Environmental and lifestyle factors are increasingly recognized as significant contributors to the risk and progression of Alzheimer's disease. Recent research has demonstrated that exposure to cigarette smoke accelerates Alzheimer-like pathology through mechanisms involving NLRP3 inflammasome activation and microglial dysfunction (ref: Wang doi.org/10.1016/j.jhazmat.2025.137310/). This underscores the impact of environmental pollutants on neuroinflammatory processes associated with AD. Moreover, dietary interventions such as intermittent fasting have shown promise in ameliorating β-amyloid deposition and cognitive impairment in transgenic mouse models of AD (ref: Wu doi.org/10.1002/mnfr.202400660/). The modulation of neuroinflammation through lifestyle changes highlights the potential for non-pharmacological approaches to influence disease outcomes. These findings suggest that addressing environmental and lifestyle factors may play a crucial role in the prevention and management of Alzheimer's disease.

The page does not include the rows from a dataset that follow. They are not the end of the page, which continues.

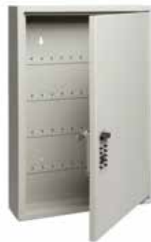
KIDDE Touchpoint Key Cabinet 60 Key Capacity 001796
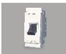
25A Mini Trip Switch
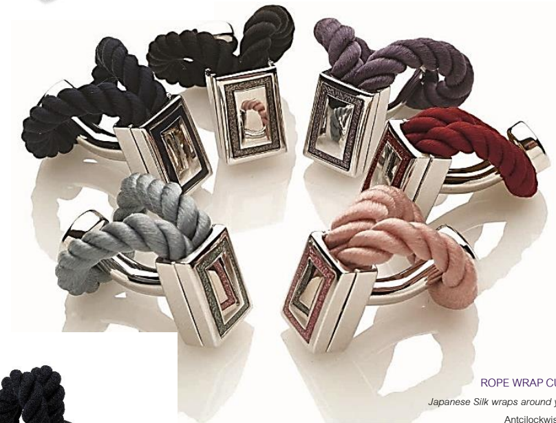
ROPE WRAP CUFFLINKS Japanese Silk wraps around your sleeve Anticlockwise from top: Navy C336N Light blue C336LB Pink C336PK Wine C336WI Purple C336P Black C336BK

The interplay between neurodegeneration and aging is a critical area of research in understanding Alzheimer's disease. Recent studies have explored the effects of environmental factors, such as dietary habits, on the incidence of neurodegenerative diseases like multiple sclerosis, indicating a potential link between lifestyle and neurodegeneration (ref: Van Gaever doi.org/10.3389/fimmu.2024.1500697/). Additionally, research on blast-induced brain injuries has revealed early pathological changes, such as intramural hematomas and astrocytic infiltration, that precede neuroinflammation, suggesting that environmental stressors can exacerbate neurodegenerative processes (ref: Gama Sosa doi.org/10.1093/jnen/). Furthermore, the role of SERPINA3 as a neuroinflammatory modulator has been highlighted, showing its expression is linked to microglial and astrocytic markers, which may influence neuroinflammatory responses in AD (ref: Sanfilippo doi.org/10.1007/s11011-024-01523-4/). These findings emphasize the importance of understanding the aging process and environmental influences on neurodegeneration to develop effective interventions for Alzheimer's disease.

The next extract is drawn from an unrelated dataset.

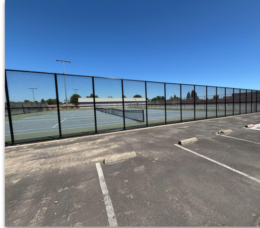
Piner High School Ball Wall Replacement
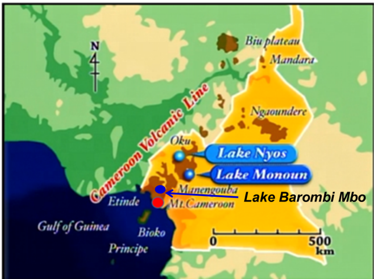
Field trip sites along the Cameroon Volcanic Line

BE AWARE THAT ENTERING CAMEROON GENERALLY REQUIRES A VISA AND A YELLOW FEVER VACCIN. PLEASE PREPARE ON TIME FOR THESE ISSUES!

Microglial activation is a key factor in the neuroinflammatory response associated with Alzheimer's disease, and recent studies have focused on understanding its role in neuroprotection. The TRPV1-PKM2-SREBP1 axis has been identified as crucial for maintaining microglial lipid homeostasis, with implications for phagocytic dysfunction in AD (ref: Sha doi.org/10.1038/s41419-024-07328-8/). This highlights the importance of lipid metabolism in microglial function and its potential impact on neuroprotection. Additionally, the ABCA7 p.A696S variant has been shown to compromise microglial responses to amyloid pathology, suggesting that genetic factors can influence the efficacy of microglial activation in AD (ref: Ma doi.org/10.1016/j.nbd.2025.106813/). The exploration of potential ERK1 inhibitors from natural products also points to novel therapeutic strategies aimed at enhancing microglial function and neuroprotection (ref: Taufeeq doi.org/10.1177/13872877241309592/). These insights into microglial activation and neuroprotection underscore the potential for targeted therapies that enhance microglial function in the context of Alzheimer's disease.